The fascist obsession with racial purity, not only in those areas occupied by Germany but elsewhere too, had a huge impact on European attitudes. It made people aware of race in a way they never had been before. It obliged people to take sides, whether they wanted to or not. And, in communities that had lived side by side more or less peacefully for centuries, it made race into a problem – indeed, it elevated it to
the
problem – that needed solving.

As the war had taught people, some of the solutions could be radical, and final.

17

The Jewish Flight

At the beginning of May 1945, an eighteen-year-old Polish Jew named Roman Halter was liberated by the Russians. He and two other Jews had been hiding with a German couple near Dresden who had taken them in after they escaped from a death march. Having survived various labour camps, including Auschwitz, he was weak and emaciated – but he was alive, and knew himself to be extremely lucky.

The day after his liberation, Halter said goodbye to the couple who had sheltered him. He wanted desperately to find out if anyone else in his family had survived the Holocaust, so he acquired himself a bicycle, tied to the handlebars a few glass jars of preserved meat that he had found in a deserted farmstead and set off on the road back to Poland.

He had not been travelling long when he came across one of his Russian liberators, who was driving a motorbike. Halter was enormously grateful to the Russians for rescuing him. He thought of them as friends to the Jews, liberators, ‘good people’ – he even spoke a little Russian himself, which he still remembered from his childhood. Unfortunately, as he would find out, his fraternal feelings were not reciprocated.

 

I was pleased to see him … I still remembered the Russian words which I had learned from my parents. ‘Ruski, ja cie lublu!’ I said (‘Russian, I love you’), and then added, ‘Zdrastvite towarisz’ (‘Hello friend’). He looked at me strangely and began speaking Russian very fast. I smiled and said in Polish that I was unable to understand him. He looked me up and down. Then he looked at my bike and said, ‘Dawaj czasy’ (‘Give me watches’). I understood that. He pulled up his shirt sleeves and showed me his forearms full of watches and then repeated the two words again. ‘Dawaj czasy.’
I glanced at his eyes, they were stern and cold.
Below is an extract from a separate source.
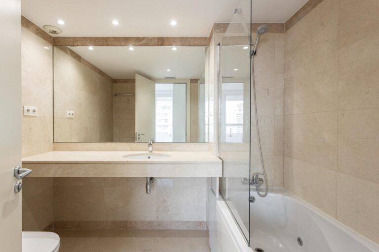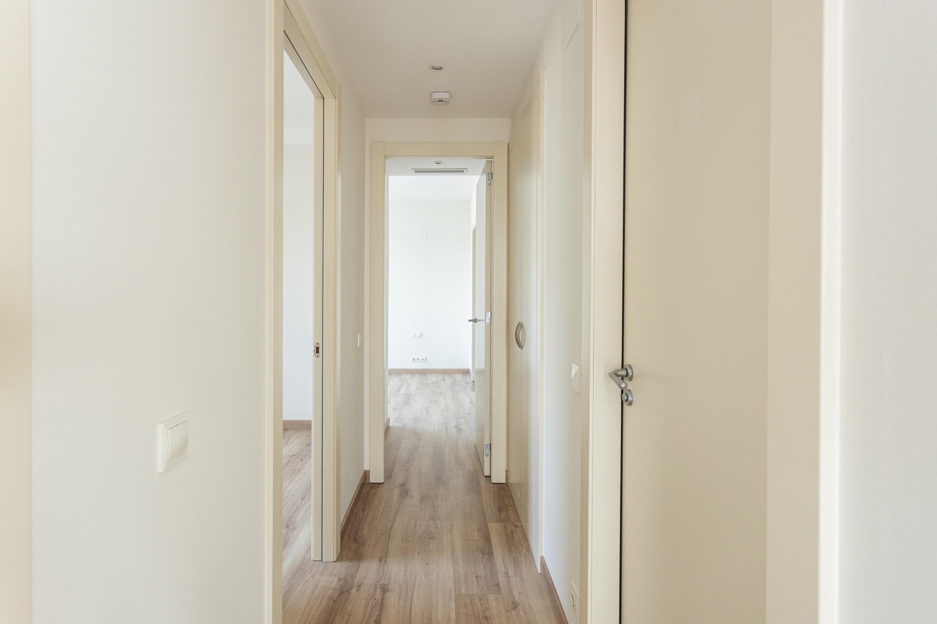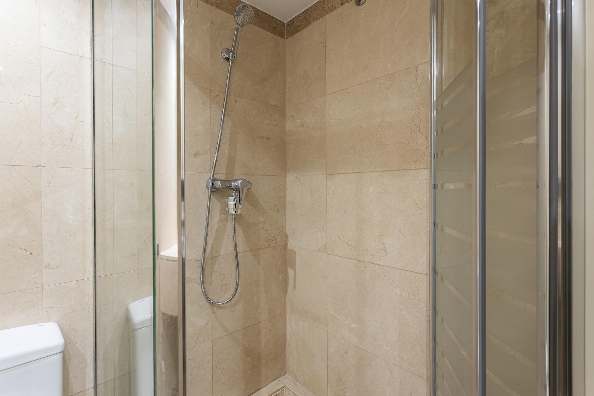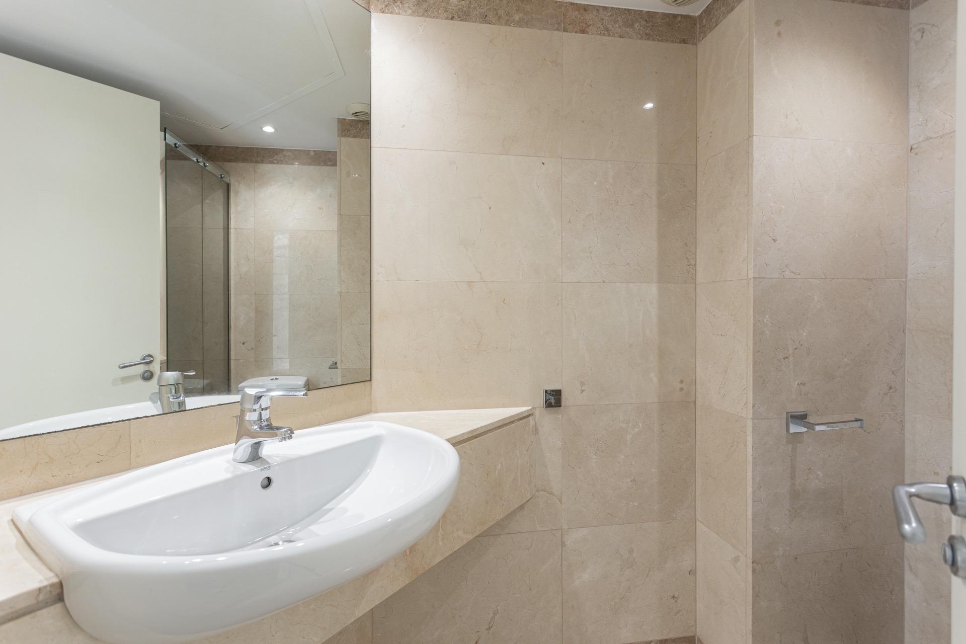 La vivienda se distribuye en un amplio y elegante salón-comedor con cocina americana de diseño, perfectamente integrada, tres dormitorios exteriores —uno de ellos en suite, con vestidor y bañera de hidromasaje— y dos baños completos. Los acabados de alta gama, como los suelos originales de mármol combinados con parqué, aportan un carácter sofisticado y atemporal a la vivienda. Todas las estancias son exteriores, lo que refuerza la sensación de amplitud, confort y conexión constante con el entorno, tanto natural como urbano.

I began speaking to him in Polish. I said that I hadn’t got watches and showed him both my thin forearms. He pointed to the bulging blanket fixed to my bike’s crossbar and said something in Russian. I went up and took out one jar and handed it to him. ‘Mieso,’ I said. ‘Towarisz, mieso’ (‘Comrade, meat’). The meat was visible through the glass. He looked at it and then at me. ‘Towarisz, you have it, please take it and enjoy it.’
He lifted the glass jar and held it above his head for a second or so and then smashed it on to the ground. The glass and the meat spattered in all directions. I looked at the Russian soldier and fear entered my heart. What could I say to make him leave me alone? I felt momentarily numb. ‘Lower your trousers,’ he said in his language. I stood there shaken and didn’t quite know what he meant. He repeated his command and by gestures showed me what he wanted me to do.
… I put my bike carefully on the ground so as not to break the glass jars in the pouch and began lowering my trousers. ‘Why is he making me do this?’ I thought. Perhaps he thinks that I carry a belt with watches around my waist. I must tell him that I am not a German who just speaks Polish. So, as I was lowering my trousers and showing him that I am without belt or watches around my waist, I slowly told him in Polish that I am a Jew. I knew the word ‘Ivrei’. ‘Ja Ivrei,’ I repeated. ‘Ja Ivrei, ja towarisz’ (‘I am a Jew, I am a comrade’).
I stood before him now naked from my waist down, although my instinct told me not to take off my good lace-up boots in case he took them and left me bare-footed. I could not reach Chodecz bare-footed. So I let my trousers and pants hang over my socks and boots. I glanced at his eyes again. There was a look of contempt in them as he was viewing the exposed part of my body. I saw in them a killer’s void.
He took out his revolver from his holster, pointed at my head and pulled the trigger. There was a loud click. Without a word to me he kick-started his motorbike and drove off. I stood there for a time with my trousers and pants down and looked at him disappearing into the distance.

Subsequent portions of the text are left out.